- DATA FOR ANALYSIS:
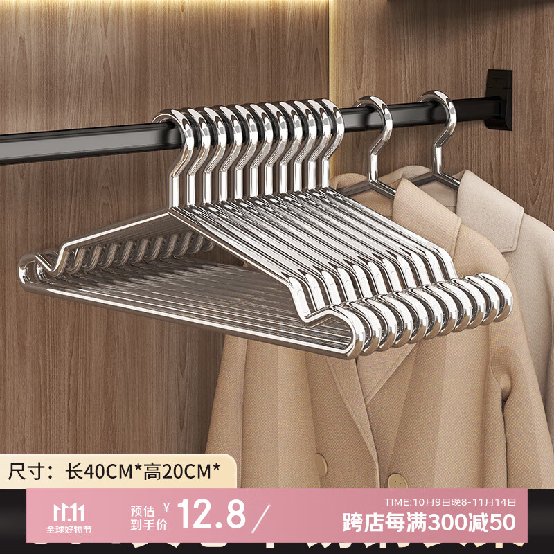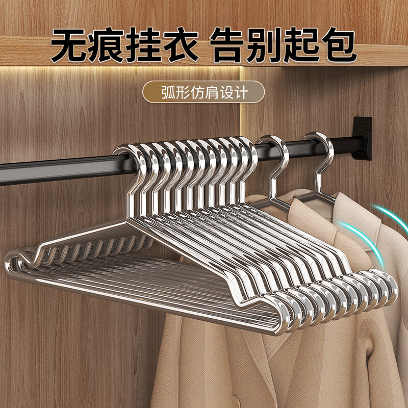 洁百纳304不锈钢衣架家用实芯挂衣架子加粗加厚晾衣撑子晒衣挂衣服挂钩 40cm成人标准款【特粗款不锈钢】 10个
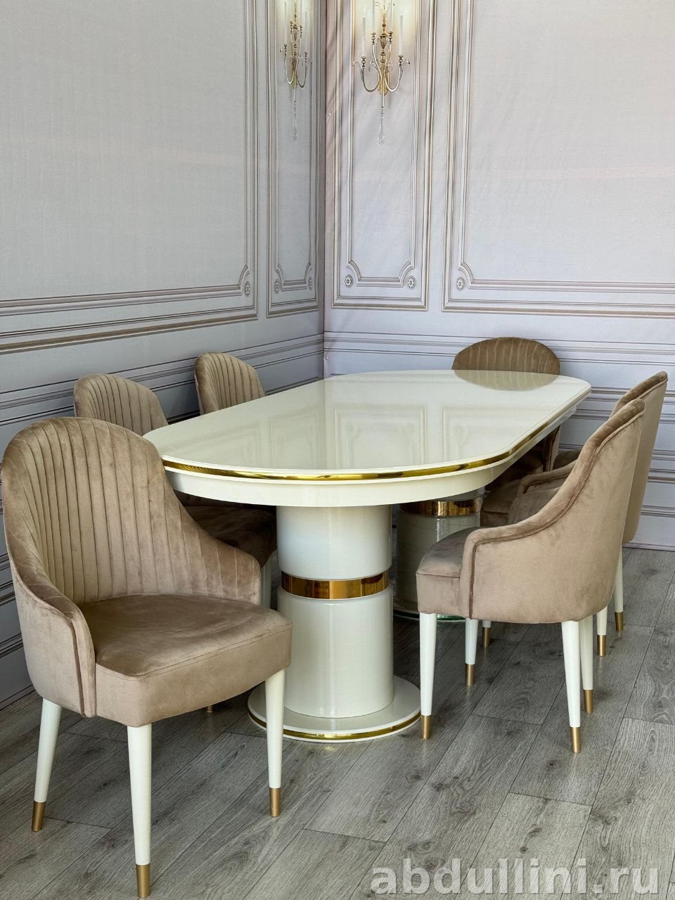 Комплект для столовой в стиле неоклассика: овальный стол с глянцевой столешницей цвета слоновой кости и золотистой окантовкой, 6 бархатных стульев с деревянными ножками.
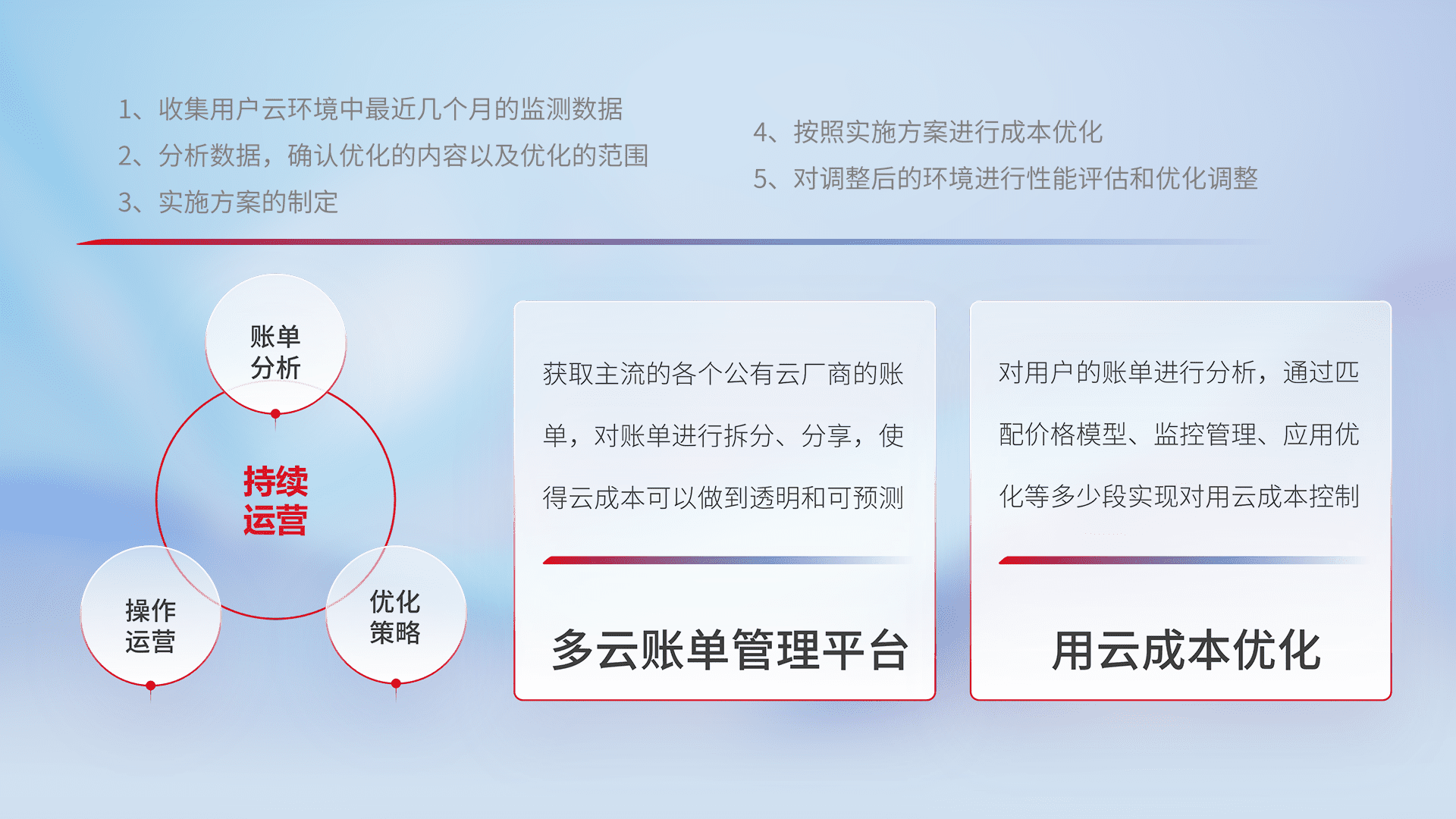 通过多云纳管,,,以统一的资源数据模型把客户的云资源进行抽象和封装,,,,进而实现对多云资源的统一操作,,,,保障云资源管理的可靠性、、、、稳定性与可用性。。量身定制化运维内容,,配置、、开发运维、、补丁管理、、、备份、、监控、、认证和访问管理、、、审计和日常巡检等,,,保障在用云过程中的可靠度,,,,稳定度以及高可用率。。。。
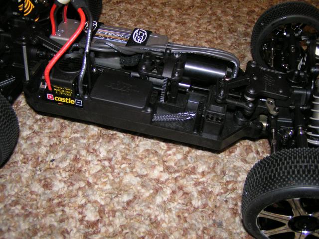 I picked about the smallest and lightest battery and motor that will give enough power, since they are on the same side. The mains are only 10 min, so that should do it. I already had the Lehner and used it in my other 1/8th buggy and it worked well on 4s, should be even better on 6s. Only running motor brakes to keep weight low, but that may not help with the balance, we will see. If I don’t like the plastic chassis or the balance or whatever, I can always get a techno or stock D8 chassis and slap on the parts (and RCM motor mount of course).
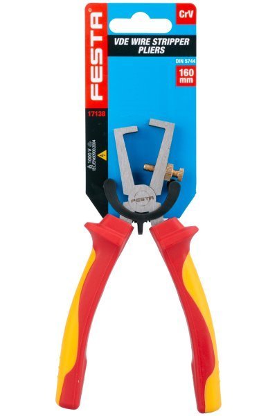 Kleště VDE odizolovávací 160 mm FESTA mají certifikaci elektro VDE 1000 V, IEC/EN 60900-2004, kombinace polypropylenu a pryže na ergonomicky tvarovaných ručkách zaručuje výborné antiskluzové vlastnosti a dobrou odolnost vůči mazadlům a chemikáliím. Uchopovací čelisti obzvláště odolné proti opotřebení, chromvanadová vysoce výkonná ocel. Hmotnost 0,283 kg.
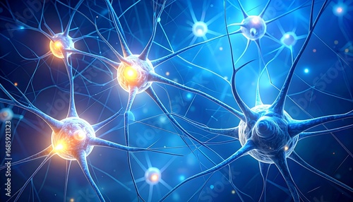 A detailed depiction of neurons forming a complex network within the brain, glowing
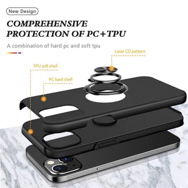 Hybrid telefonveske overalt med ringformet støttedesign til iPhone 15 Plus - svart Integrert ringholder muliggjør enkel enhåndsbetjening, kan også fungere som et 360-graders roterende stativ Innebygde CD-årer metallplate kan festes til magnetisk bilholder (ikke inkludert) Spesialdesigninteriør for varmeavledning Lukkede knapper, støvdeksel og smussbeskyttelse Beskytt baksiden av telefonen mot riper Kompatibel med: iPhone 15 Plus-pakken Inkluderer: 1 x Fingerring Kickstand Hybrid
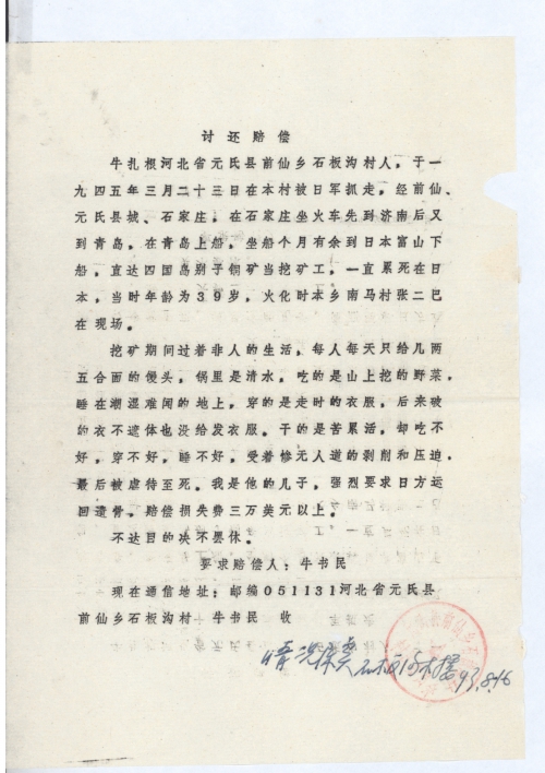 牛轧根河北省元氏县前仙乡石板沟村人,于一九四五年三月二十三日在本村被日军抓走,经前仙、元氏县城、石家庄,在石家庄坐火车先到济南后又到青岛,在青岛上船,坐船个月有余到日本富山下船,直达四国岛别子铜矿当挖矿工,一直累死在日本,当时年龄为39岁,火化时本乡南马村张二巴在现场。
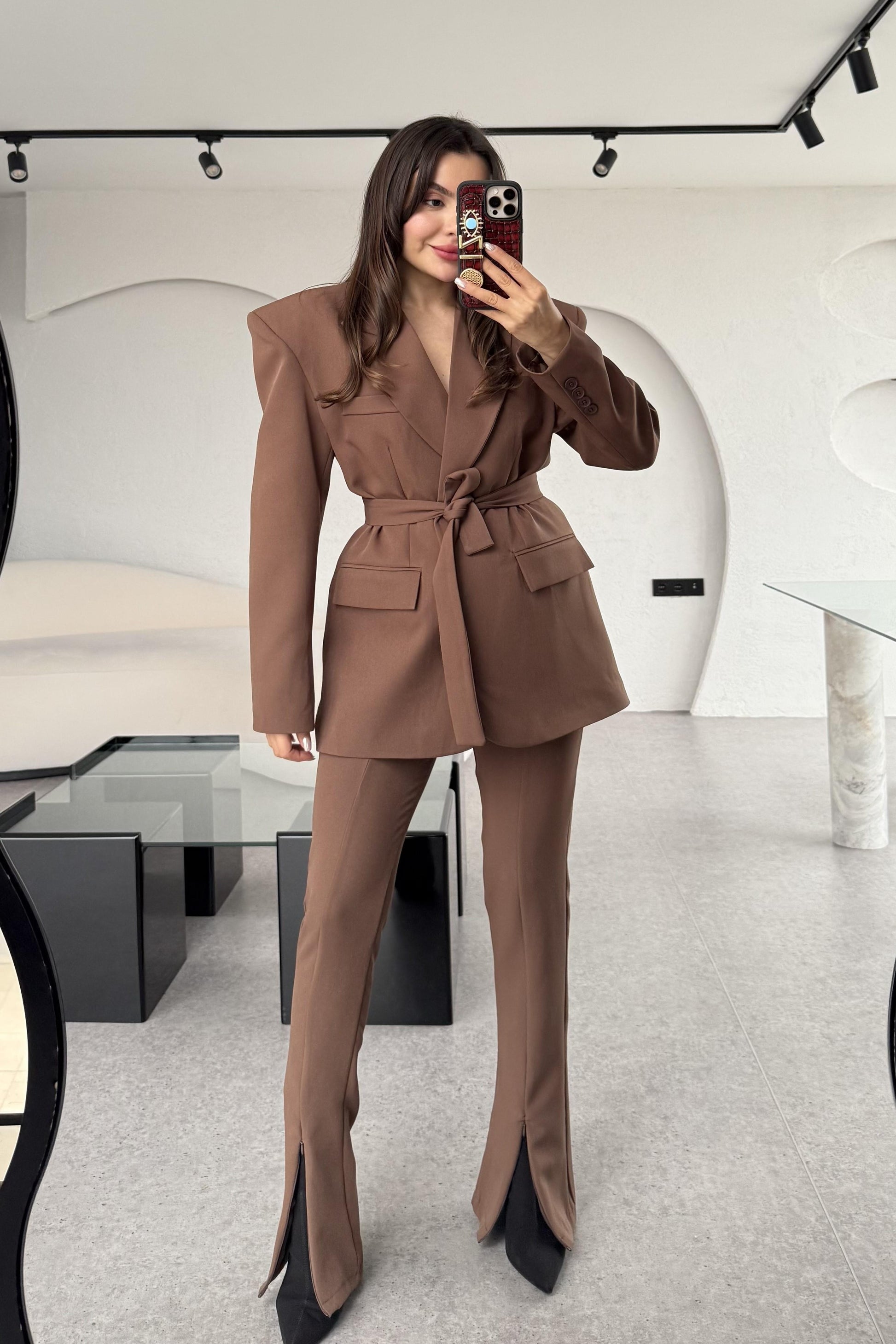 Bragen Acı Kahve Kuşaklı Takım
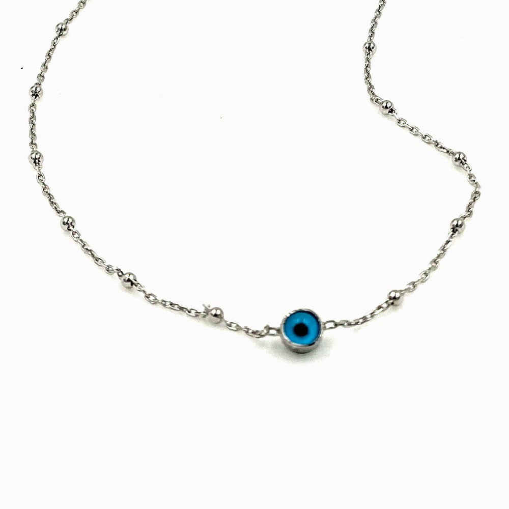 Collier en argent avec œil en verre double face et mauvais œil
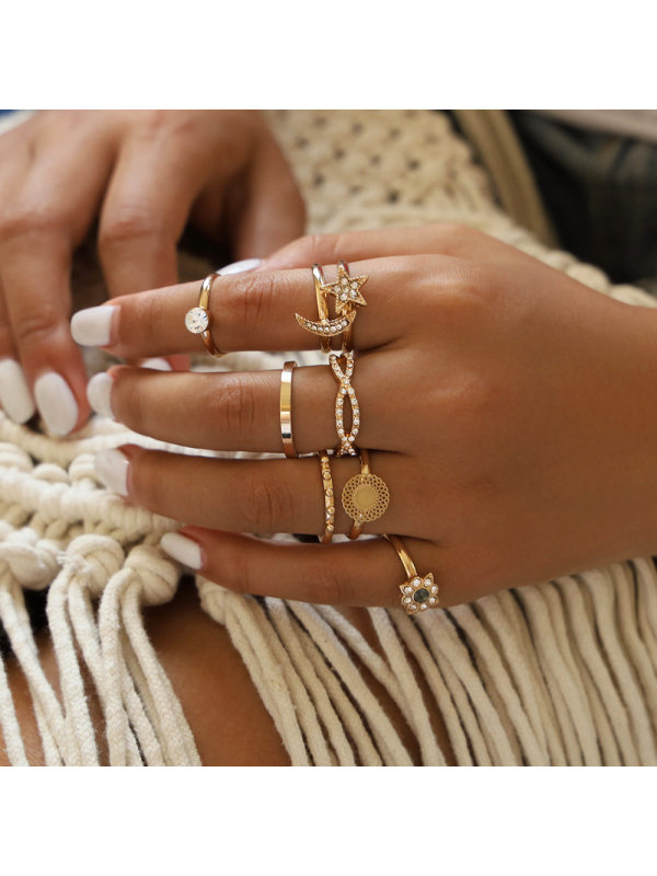 rings,simple geometric diamond ring set of 8
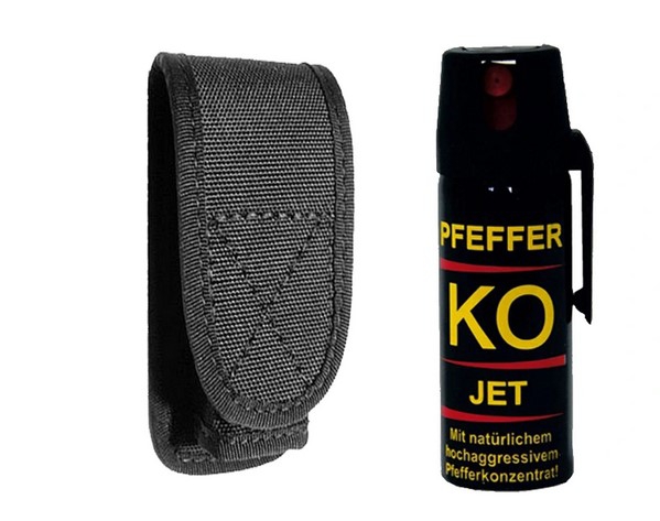 Gaz pieprzowy KO JET strumień 50ml - gaz obronny na bazie środka biologicznego Alkaloidu w formie strumienia, wyprodukowany przez niemiecką firmę Klever. Substancja drażniąca wydostaje się z miotacza w postaci żelu, co daje możliwość dokładnego ukierunkowania strumienia. Ten ręczny miotacz gazu działa również na ludzi pod wpływem alkoholu i środków odurzających. Gaz pieprzowy działa drażniąco na śluzówki, powodując ostre pieczenie oczu, katar, kaszel, a także silne duszenie się. Dzięki temu uniemożliwia napastnikowi dalszy atak i w znacznym stopniu utrudnia jego poruszanie się.
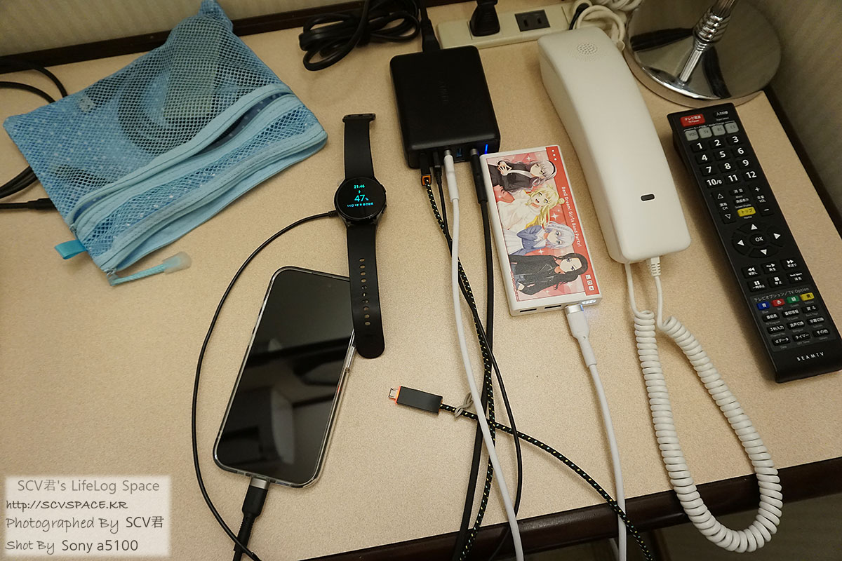 호텔에 들어와서는 일단 기기 충전들 좀 넣어놓고,
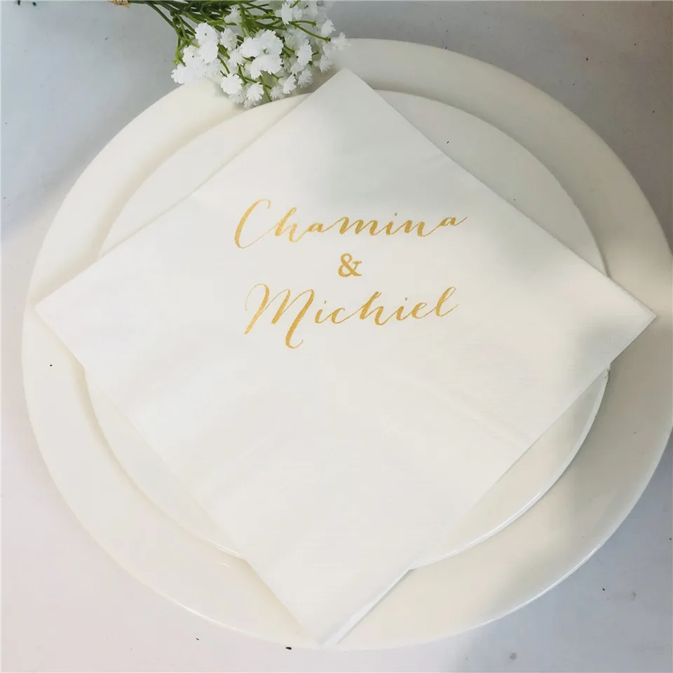 100pcs Custom Bride Groom Names Wedding Paper Napkins Personalized
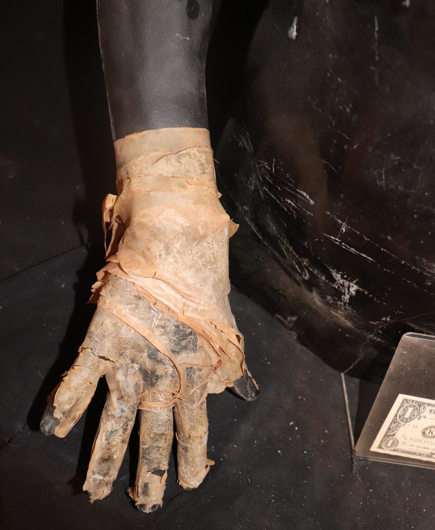 Unfortunately, all of the skins are gone but this is the HERO ANIMATRONIC KEVIN BACON puppet from HOLLOW MAN! The poured latex glove remains on the right hand.

- GOAL OF THE EXERCISE: Copy the lines from the line that contains "호텔에 들어와서는 일단" through the end of the records, exactly and with nothing added; leave the pictures out.

- ANSWER SECTION:
 호텔에 들어와서는 일단 기기 충전들 좀 넣어놓고,
 100pcs Custom Bride Groom Names Wedding Paper Napkins Personalized
 Unfortunately, all of the skins are gone but this is the HERO ANIMATRONIC KEVIN BACON puppet from HOLLOW MAN! The poured latex glove remains on the right hand.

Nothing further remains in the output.